━━━━━ EXERCISE MATERIAL ━━━━━

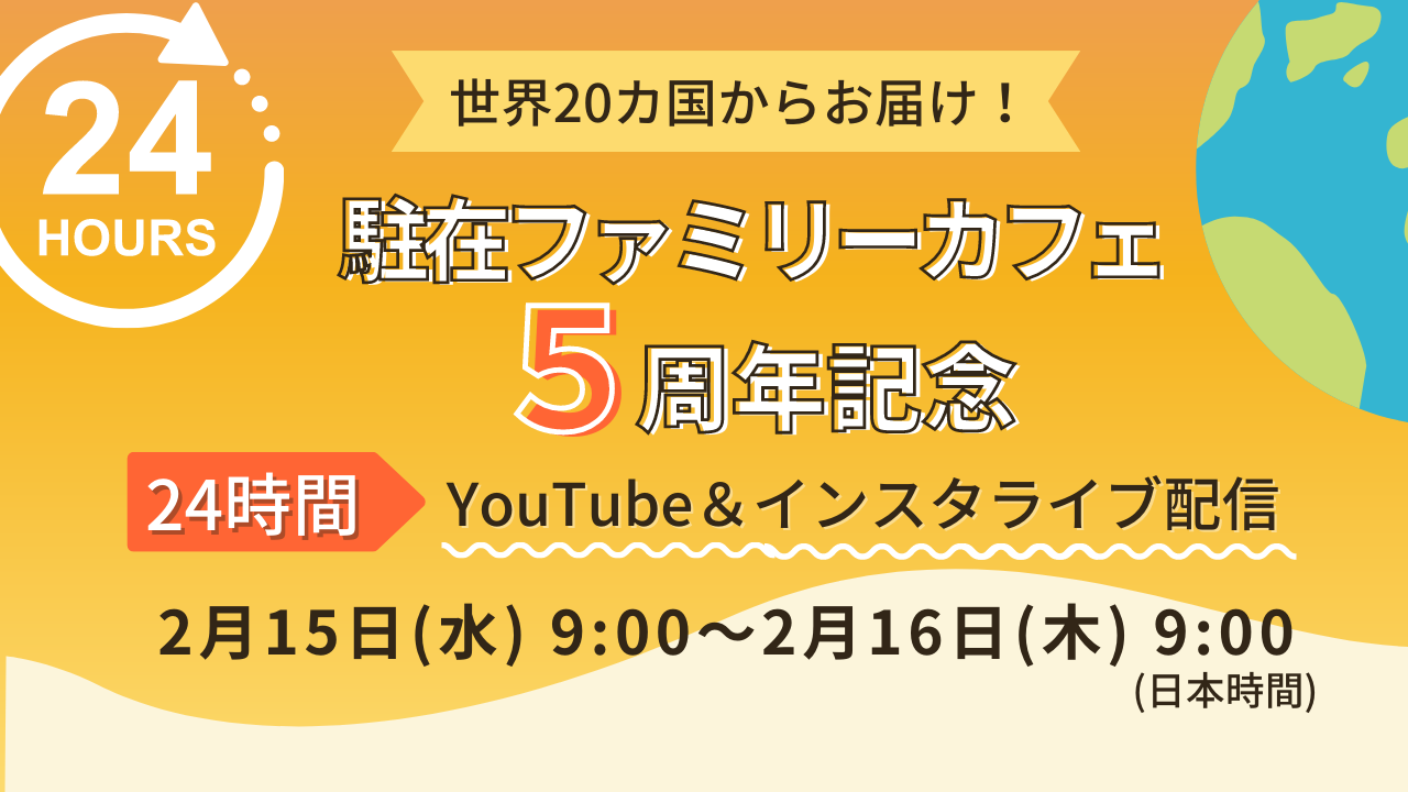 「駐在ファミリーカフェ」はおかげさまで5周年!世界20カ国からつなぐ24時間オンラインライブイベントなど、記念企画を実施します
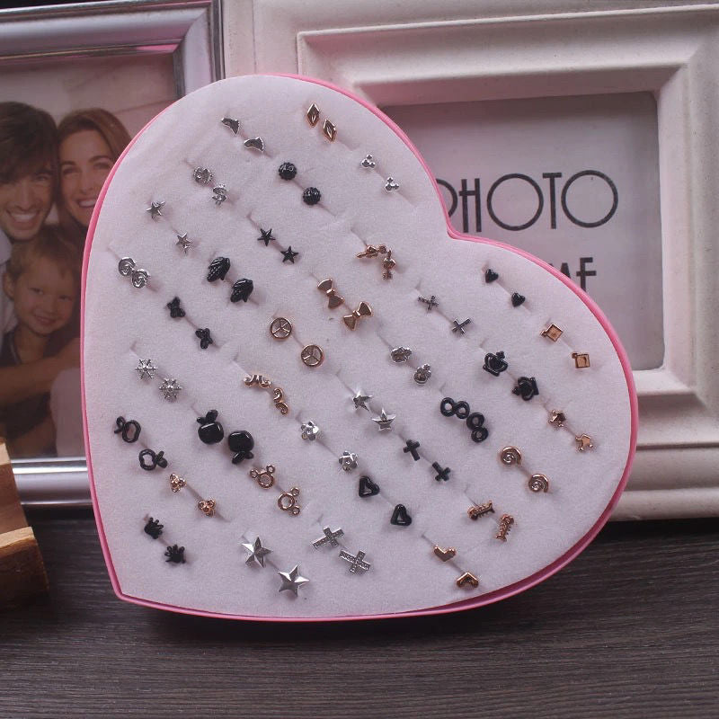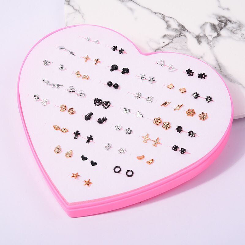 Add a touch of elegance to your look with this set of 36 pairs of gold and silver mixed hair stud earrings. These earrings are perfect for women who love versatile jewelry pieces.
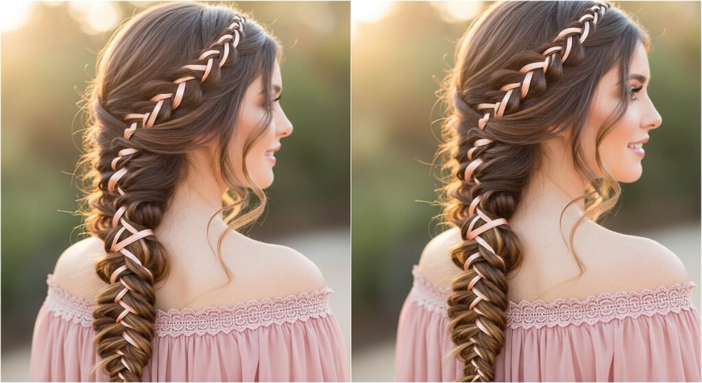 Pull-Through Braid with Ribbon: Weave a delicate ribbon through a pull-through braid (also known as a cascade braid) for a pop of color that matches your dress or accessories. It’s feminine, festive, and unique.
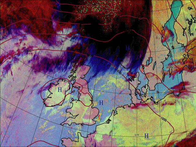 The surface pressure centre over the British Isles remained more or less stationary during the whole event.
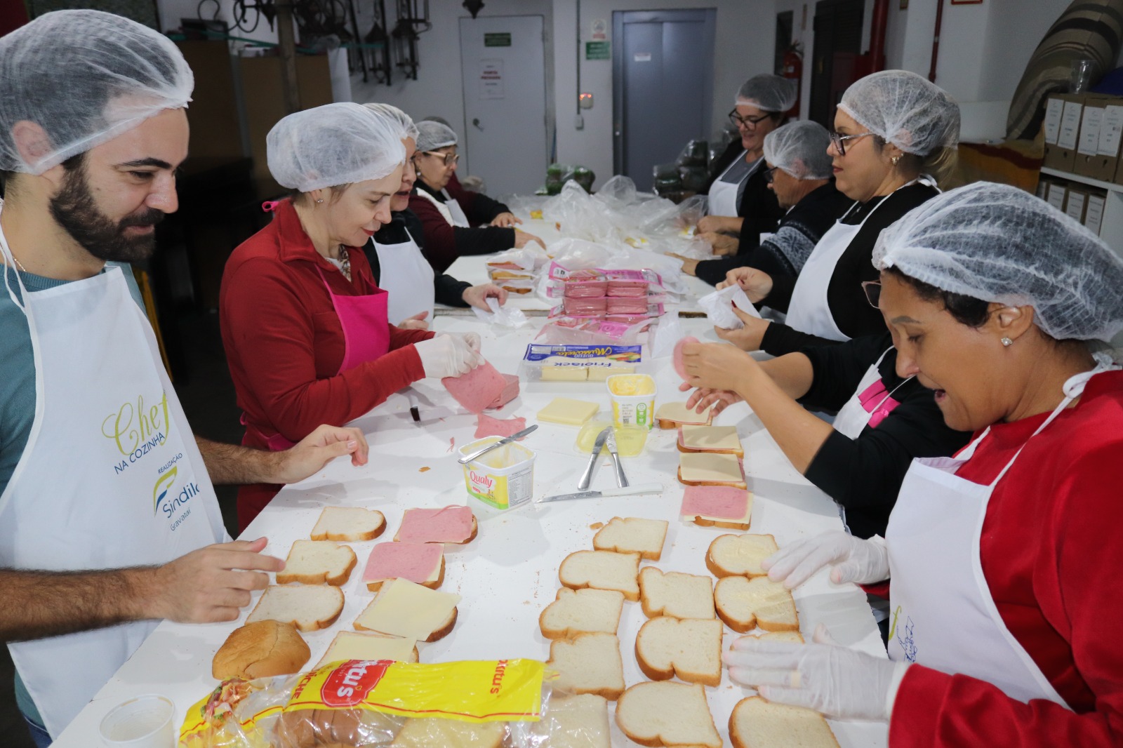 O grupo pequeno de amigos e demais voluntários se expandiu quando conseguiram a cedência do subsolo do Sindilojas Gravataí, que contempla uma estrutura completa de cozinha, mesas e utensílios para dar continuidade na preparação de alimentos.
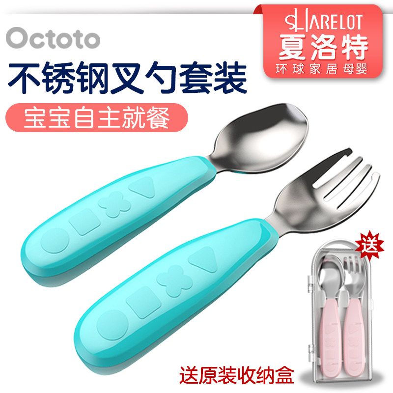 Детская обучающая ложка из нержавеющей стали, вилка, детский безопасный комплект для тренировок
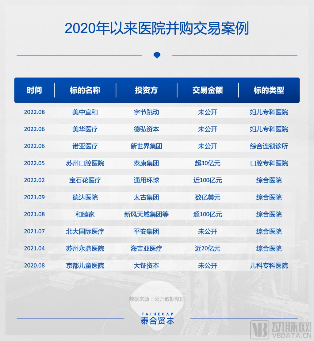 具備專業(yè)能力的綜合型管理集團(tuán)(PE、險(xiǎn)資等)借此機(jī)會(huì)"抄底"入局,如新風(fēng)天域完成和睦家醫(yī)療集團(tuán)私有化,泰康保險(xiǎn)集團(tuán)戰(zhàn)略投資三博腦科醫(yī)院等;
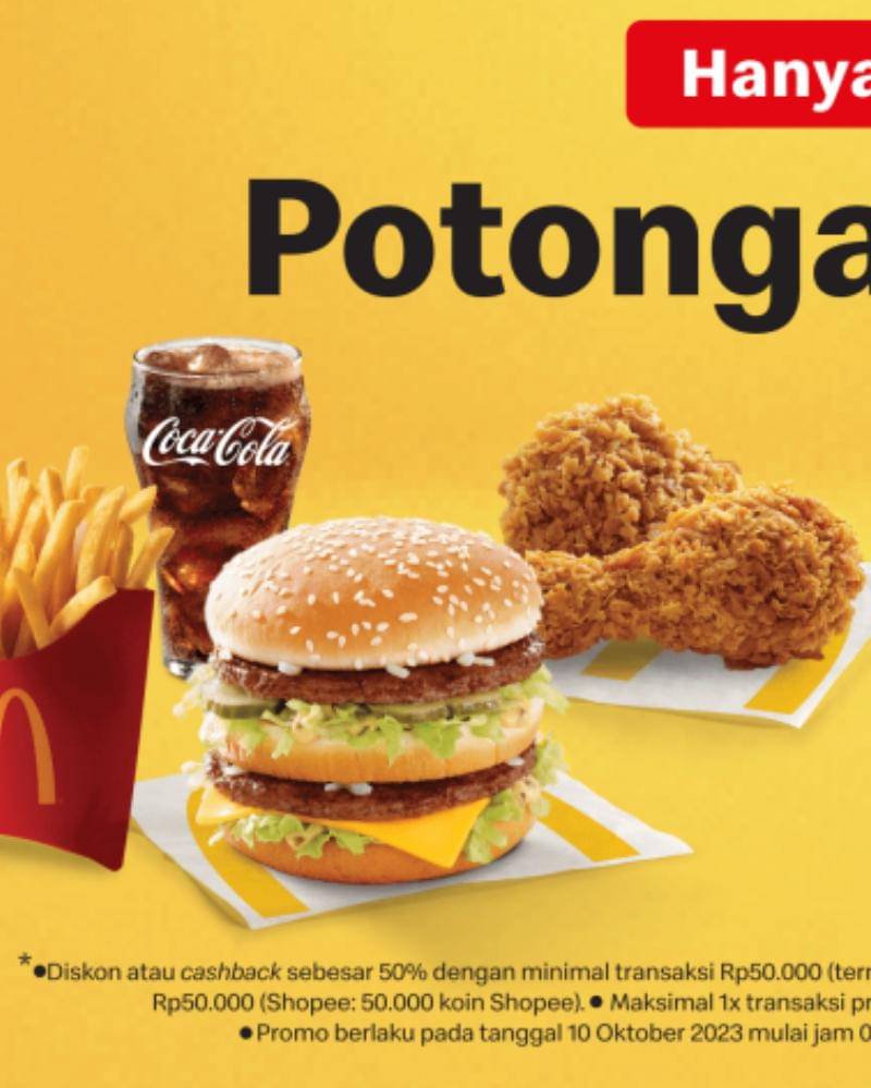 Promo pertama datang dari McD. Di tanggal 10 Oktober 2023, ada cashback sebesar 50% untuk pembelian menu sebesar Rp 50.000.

━━━━━

■ YOUR OBJECTIVE
What you return must match, character for character, the lines above from the one with "Add a touch" through the one with "The surface pressure", minus any pictures.

■ WRITTEN ANSWER
 Add a touch of elegance to your look with this set of 36 pairs of gold and silver mixed hair stud earrings. These earrings are perfect for women who love versatile jewelry pieces.
 Pull-Through Braid with Ribbon: Weave a delicate ribbon through a pull-through braid (also known as a cascade braid) for a pop of color that matches your dress or accessories. It’s feminine, festive, and unique.
 The surface pressure centre over the British Isles remained more or less stationary during the whole event.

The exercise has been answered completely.